Black Pomegranate (Saba Vasefi)

In my father’s garden
you pick a black pomegranate
and when I open
my pocket for you to place
the fruit there, you look
at me with a fervent stare.

You lean my way
as if to kiss, and I feel
your breath upon my skin
like the scent of autumn.

Then sleep drains
from this dream and waking,
I am unable to hold it. I lose
your hand, the fruit it held,
my past, my homeland
and I fall, with longing, into morning
light, my soul an empty well.

I would like to hide from day
in an unlit burrow; if I can’t
see you, no one will see me.

But don’t worry—
I will not be lost,
I will not dwell in darkness.
Instead, I will rub salt
into my wounds. 


photo poem (1)

Saba Vasefi is a poet, academic, filmmaker and the director of Sydney International Women’s Poetry & Arts Festival.
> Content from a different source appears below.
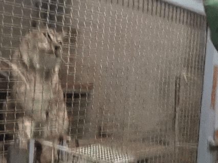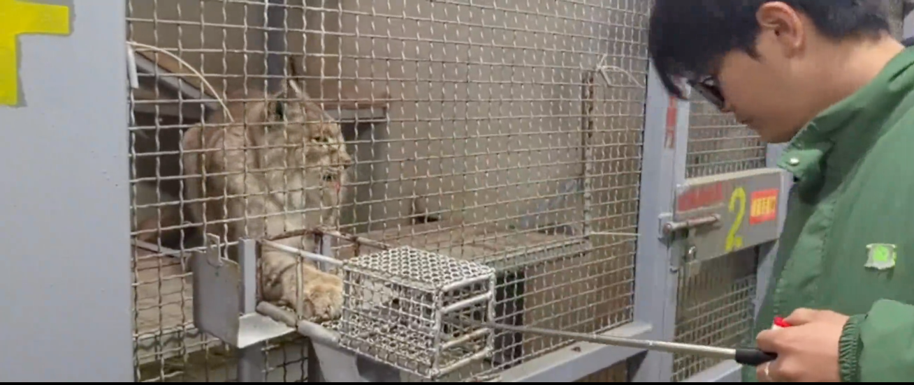 行为训练的第一步是爪定位。饲养员手持目标棒,随后将目标棒伸入网内,当Kitty的爪子触碰或捕捉到目标棒时,立即以响片声和食物进行正强化。作为“优等生”的Kitty,这一步骤很早就掌握了。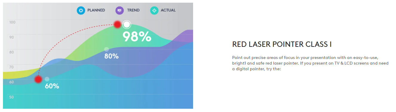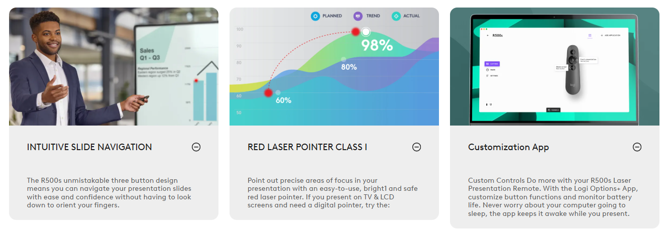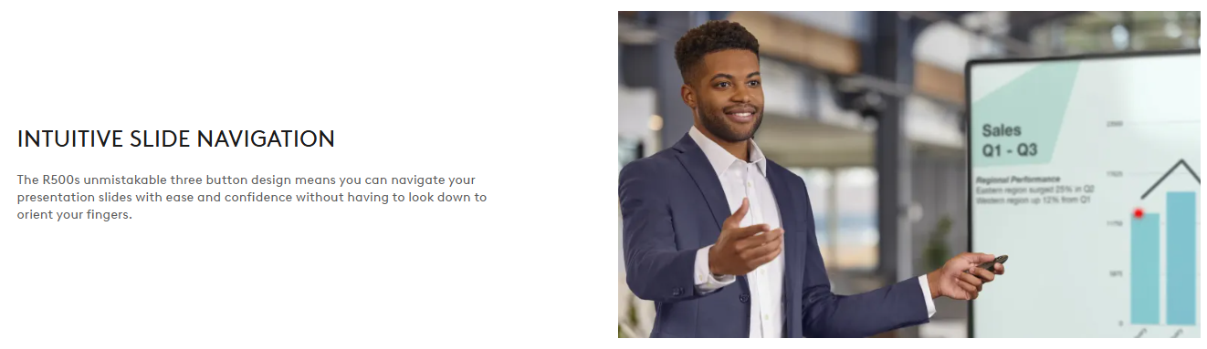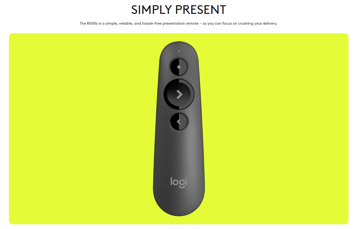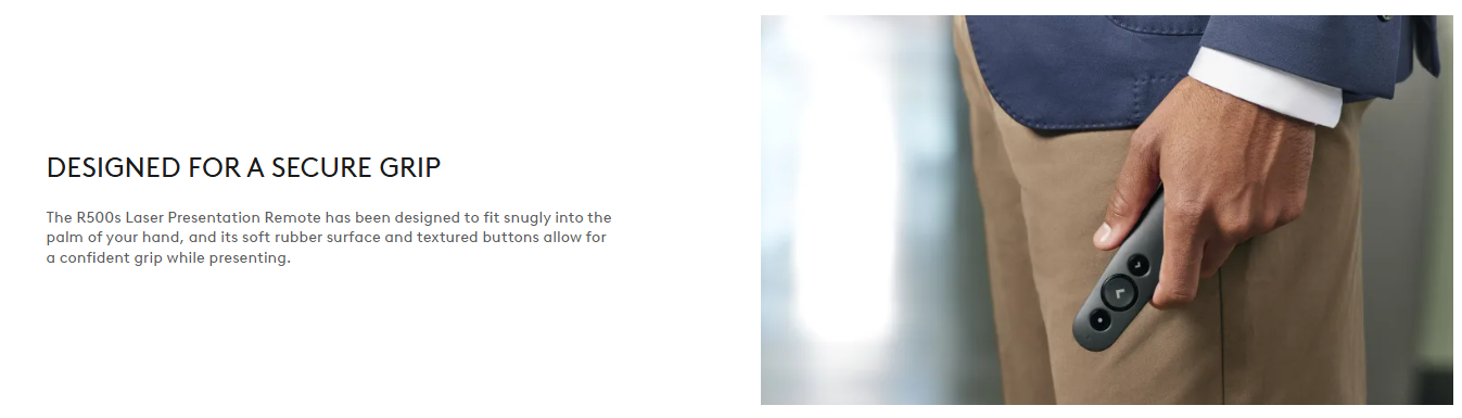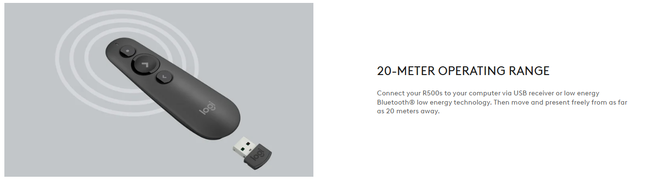 Deliver impactful presentations with the R500s Laser Presentation Remote. Move freely and navigate slides from up to 20 meters away – and point out precise areas of focus with the red laser pointer. The R500s is optimized to work with Windows®, macOS and leading presentation software.

She is an Asylum Seekers Centre Ambassador, was the recipient of an Edna Ryan Award for making a significant contribution to feminism, and was twice a judge for the Sedigheh Dolatabadi Book Prize for the Best Book on Women’s Literature and Women’s Issues. Saba’s master’s thesis in Feminist Literary Criticism received the highest grade possible and at the age of twenty-four she became a lecturer at the prestigious Shahid Beheshti University in Iran. She was expelled from the university after four years of teaching due to her activism against capital punishment, and moved to Australia in 2010. She holds a postgraduate degree in Documentary at the Australian Film Television and Radio School (AFTRS), and is currently working on a thesis on Human Rights and Feminism in the Cinema of the Islamic Republic of Iran.